When two are stripped, long ere the course begin,
We wish that one should love, the other win;

And one especially do we affect
Of two gold ingots, like in each respect:
The reason no man knows; let it suffice
What we behold is censured by our eyes.
Where both deliberate, the love is slight:
Who ever loved, that loved not at first sight?

More related quotes from CM:

"While money doesn't buy love, it puts you in a great bargaining position."

"All places are alike, and every earth is fit for burial."

and another one from E. v.

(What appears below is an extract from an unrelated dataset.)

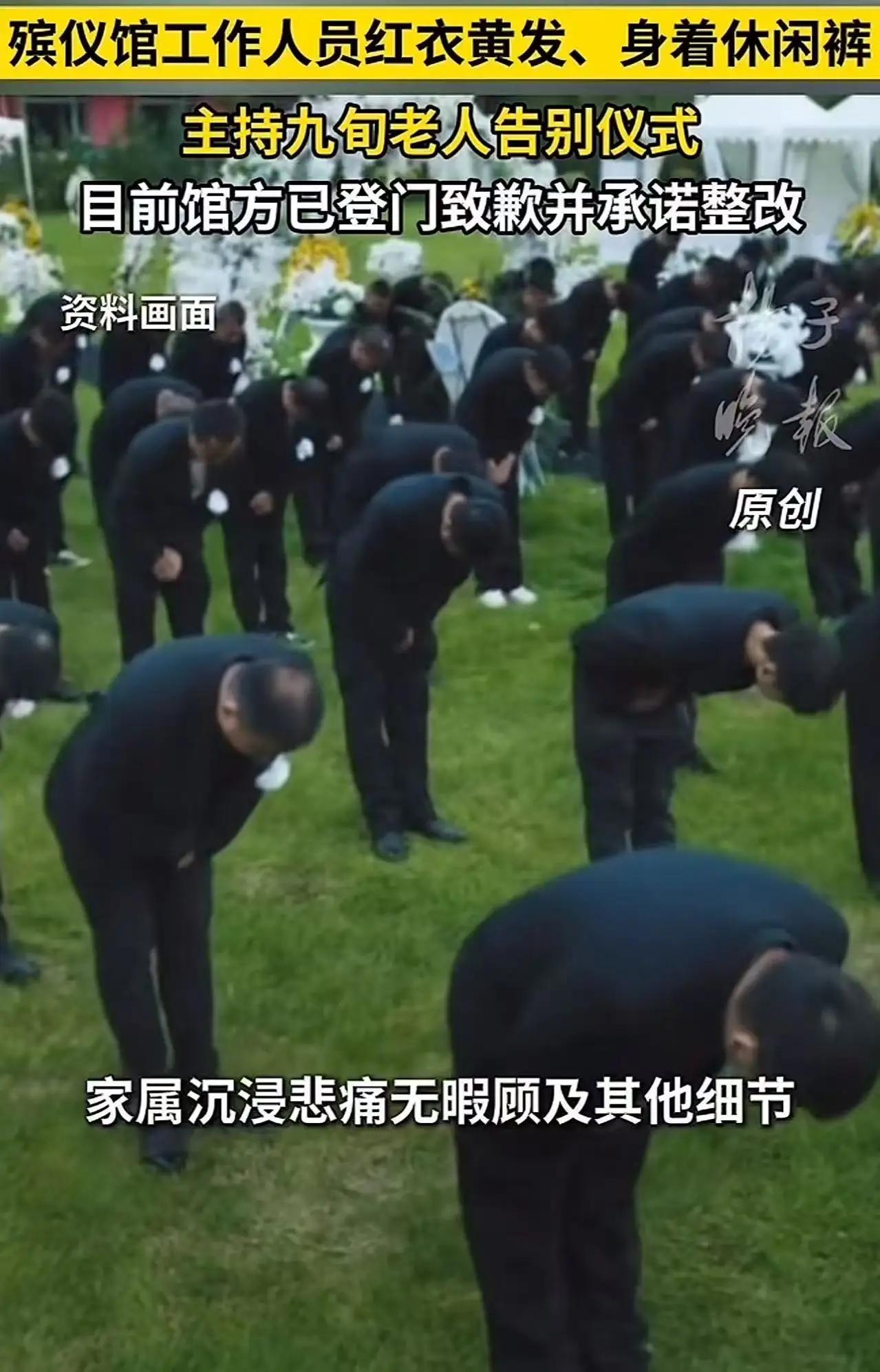 淮安殡仪馆惊现“喜宴主持”:九旬老人最后一程,红衣黄发女子竟在灵堂谈笑风生!全网怒斥:你的尊重,比纸还薄! 那抹刺眼的红,扎痛了所有人的心。当哀乐低回,亲属泪垂,淮安区殡仪馆的告别厅里,却闯入一道格格不入的风景。 一位女主持人,身着鲜艳大红羽绒服,顶着一头亮眼黄发,站在了本应庄严肃穆的仪式台前。 那一刻,时间仿佛错位。这不是婚庆舞台,而是一位九旬老人与世界告别的最后一站。 黑白交织的悲伤,被这突如其来的“喜庆色”粗暴撕裂。现场亲友愣住了,错愕与愤怒在沉默中蔓延。 有人悄悄举起手机,记录下这荒诞一幕。 照片流传到网上,瞬间点燃了千万人的怒火。 那红色,在中国人的生命礼仪中,是婚礼的欢腾,是春节的喧闹,唯独不该出现在这里。 它像一把盐,狠狠撒在了生者鲜血淋漓的伤口上。 网友的评论排山倒海。“这是对逝者最大的不敬!”“难道殡仪馆没有工作服吗?”“别拿‘喜丧’当借口,家属的悲痛不是你们轻浮的理由!” 是的,有人辩解,九十高龄是“喜丧”。可“喜丧”是家属对生命圆满的一种宽慰,绝不是外人可以践踏礼仪底线的通行证。 逝者的尊严,生者的哀思,何时需要如此鲜艳的“点缀”? 更令人心寒的是馆方的后续回应。涉事女子竟是十年老员工,所谓“劳务派遣”成了模糊责任的挡箭牌。 管理疏漏、着装失范,这些轻描淡写的解释,如何能安抚那份被刺伤的悲痛? 殡葬行业,是生命最后的驿站。这里需要的不是时尚与个性,而是刻进骨子里的敬畏与体贴。 工作人员的每一寸衣着,每一句言语,都应是无声的抚慰,而非刺耳的杂音。 那件红衣,暴露的不仅是审美的缺失,更是职业敬畏感的彻底沦丧。它仿佛在说:你的悲伤,与我无关;这场仪式,不过流程。 我们愤怒,是因为我们珍视那份对生命的共同尊重。我们追问,是因为我们害怕,下一个被轻慢的,会是自己或所爱之人。 当最基本的黑白礼仪都被抛诸脑后,我们还能相信什么?道歉和整改是开始,但重塑那份对生命的郑重,路还很长。 每一个行业都有不可逾越的底线。在生死面前,请务必,保持肃穆,心怀敬畏。 因为,你敷衍的,是他人无法重来的最后一程。 (来源:根据扬子晚报等媒体报道及网络热议综合撰写) 殡葬礼仪 职业敬畏
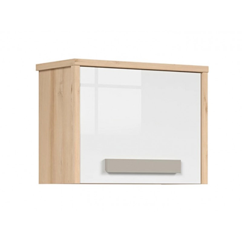 Sposób na łatwe i proste miejsce dodatkowe na przechowywanie? Szafka wisząca Namek sprawdzi się idealnie. Za frontem znajdziesz miejsce na pamiętnik lub stare zeszyty. Korpus w kolorze buk iconic stanowi oprawę dla frontu w kolorze biały połysk. Uniwersalne kolory sprawiają, że szafka pasuje zarówno do pokoju dziewczynki, jak i chłopca. Za uchwyt służy prosta listwa w kolorze jasny szary, która ułatwia codzienne użytkowanie mebla. Kompaktowe rozmiary szafki sprawiają, że możesz ją zawiesić w dowolnym miejscu rozbudowując możliwości biurka lub regału.

Hartmann:
"It is illusion when we believe that in health, youth, freedom, sufficient income, love (sexual enjoyment), pity, friendship and family life, honor, reputation, glory, power, religious edification, pursuit of science and of art, hope of a life hereafter, participation in the furtherance of culture, - we have sources of happiness and satisfaction."


The French translation of this book is harder to find.